[DATA TO EXAMINE Boundary: Start]

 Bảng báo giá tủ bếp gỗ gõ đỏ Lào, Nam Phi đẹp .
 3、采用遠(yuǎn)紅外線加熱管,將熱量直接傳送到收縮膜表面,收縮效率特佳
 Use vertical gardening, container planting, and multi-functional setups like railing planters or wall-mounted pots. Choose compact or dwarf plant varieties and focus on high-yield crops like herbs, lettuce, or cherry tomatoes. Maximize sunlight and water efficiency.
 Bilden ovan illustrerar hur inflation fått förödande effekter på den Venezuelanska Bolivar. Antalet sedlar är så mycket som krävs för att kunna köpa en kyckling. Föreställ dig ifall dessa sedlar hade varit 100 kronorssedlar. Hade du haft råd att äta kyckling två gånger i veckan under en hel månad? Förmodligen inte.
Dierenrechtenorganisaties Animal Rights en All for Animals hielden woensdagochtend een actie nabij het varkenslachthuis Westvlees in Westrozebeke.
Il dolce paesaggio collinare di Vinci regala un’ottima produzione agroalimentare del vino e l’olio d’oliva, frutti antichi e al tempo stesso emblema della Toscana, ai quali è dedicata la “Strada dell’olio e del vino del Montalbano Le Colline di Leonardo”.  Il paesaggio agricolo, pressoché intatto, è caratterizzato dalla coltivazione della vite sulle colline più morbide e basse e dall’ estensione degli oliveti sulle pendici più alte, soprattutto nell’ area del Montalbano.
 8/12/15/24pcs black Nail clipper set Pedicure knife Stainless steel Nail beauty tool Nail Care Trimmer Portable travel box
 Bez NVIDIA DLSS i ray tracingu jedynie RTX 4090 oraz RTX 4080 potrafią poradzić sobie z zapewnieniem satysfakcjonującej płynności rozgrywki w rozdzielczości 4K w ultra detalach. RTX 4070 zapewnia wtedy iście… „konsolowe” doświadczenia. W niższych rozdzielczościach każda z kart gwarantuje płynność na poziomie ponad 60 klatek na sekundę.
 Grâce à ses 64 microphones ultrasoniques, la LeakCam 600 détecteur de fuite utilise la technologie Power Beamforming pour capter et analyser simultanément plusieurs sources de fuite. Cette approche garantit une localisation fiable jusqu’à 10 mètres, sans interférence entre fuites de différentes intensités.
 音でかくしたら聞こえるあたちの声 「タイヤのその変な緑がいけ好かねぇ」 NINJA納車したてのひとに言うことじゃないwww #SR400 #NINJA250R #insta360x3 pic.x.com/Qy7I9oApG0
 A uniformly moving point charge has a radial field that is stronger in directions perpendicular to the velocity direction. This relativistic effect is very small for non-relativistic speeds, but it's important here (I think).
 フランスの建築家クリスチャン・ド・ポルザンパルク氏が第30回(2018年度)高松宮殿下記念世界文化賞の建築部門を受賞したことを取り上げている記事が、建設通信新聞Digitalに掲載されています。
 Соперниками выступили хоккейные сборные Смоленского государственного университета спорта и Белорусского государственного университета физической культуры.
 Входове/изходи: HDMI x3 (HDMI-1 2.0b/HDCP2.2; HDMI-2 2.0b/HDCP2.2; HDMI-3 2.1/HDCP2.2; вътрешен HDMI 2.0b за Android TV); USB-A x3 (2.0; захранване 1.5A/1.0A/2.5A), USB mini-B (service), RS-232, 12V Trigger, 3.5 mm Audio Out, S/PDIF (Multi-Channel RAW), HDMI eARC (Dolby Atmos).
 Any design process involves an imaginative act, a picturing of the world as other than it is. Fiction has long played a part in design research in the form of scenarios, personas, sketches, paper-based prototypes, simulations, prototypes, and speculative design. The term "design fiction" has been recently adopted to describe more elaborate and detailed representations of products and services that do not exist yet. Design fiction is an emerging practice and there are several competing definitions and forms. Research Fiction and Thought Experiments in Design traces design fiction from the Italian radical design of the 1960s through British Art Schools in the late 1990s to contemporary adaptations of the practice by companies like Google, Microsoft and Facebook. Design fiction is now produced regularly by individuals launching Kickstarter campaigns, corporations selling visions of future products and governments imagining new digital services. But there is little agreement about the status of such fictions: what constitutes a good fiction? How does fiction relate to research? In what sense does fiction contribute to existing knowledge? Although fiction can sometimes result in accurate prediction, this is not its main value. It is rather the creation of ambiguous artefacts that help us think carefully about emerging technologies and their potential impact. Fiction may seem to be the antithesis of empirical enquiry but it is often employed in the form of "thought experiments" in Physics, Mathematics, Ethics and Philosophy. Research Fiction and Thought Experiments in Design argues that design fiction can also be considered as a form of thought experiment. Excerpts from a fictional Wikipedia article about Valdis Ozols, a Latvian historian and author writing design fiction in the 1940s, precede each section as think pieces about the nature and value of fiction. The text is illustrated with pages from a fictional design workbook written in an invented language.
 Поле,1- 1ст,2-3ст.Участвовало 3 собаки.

[DATA TO EXAMINE Boundary: End]

◆ YOUR ASSIGNMENT: Send back exactly the lines of the listing above starting at the one with "Bilden ovan illustrerar" and ending at the one with "Il dolce paesaggio", inclusive, and no others.

◆ REPLY TO THE EXERCISE:
 Bilden ovan illustrerar hur inflation fått förödande effekter på den Venezuelanska Bolivar. Antalet sedlar är så mycket som krävs för att kunna köpa en kyckling. Föreställ dig ifall dessa sedlar hade varit 100 kronorssedlar. Hade du haft råd att äta kyckling två gånger i veckan under en hel månad? Förmodligen inte.
Dierenrechtenorganisaties Animal Rights en All for Animals hielden woensdagochtend een actie nabij het varkenslachthuis Westvlees in Westrozebeke.
Il dolce paesaggio collinare di Vinci regala un’ottima produzione agroalimentare del vino e l’olio d’oliva, frutti antichi e al tempo stesso emblema della Toscana, ai quali è dedicata la “Strada dell’olio e del vino del Montalbano Le Colline di Leonardo”.  Il paesaggio agricolo, pressoché intatto, è caratterizzato dalla coltivazione della vite sulle colline più morbide e basse e dall’ estensione degli oliveti sulle pendici più alte, soprattutto nell’ area del Montalbano.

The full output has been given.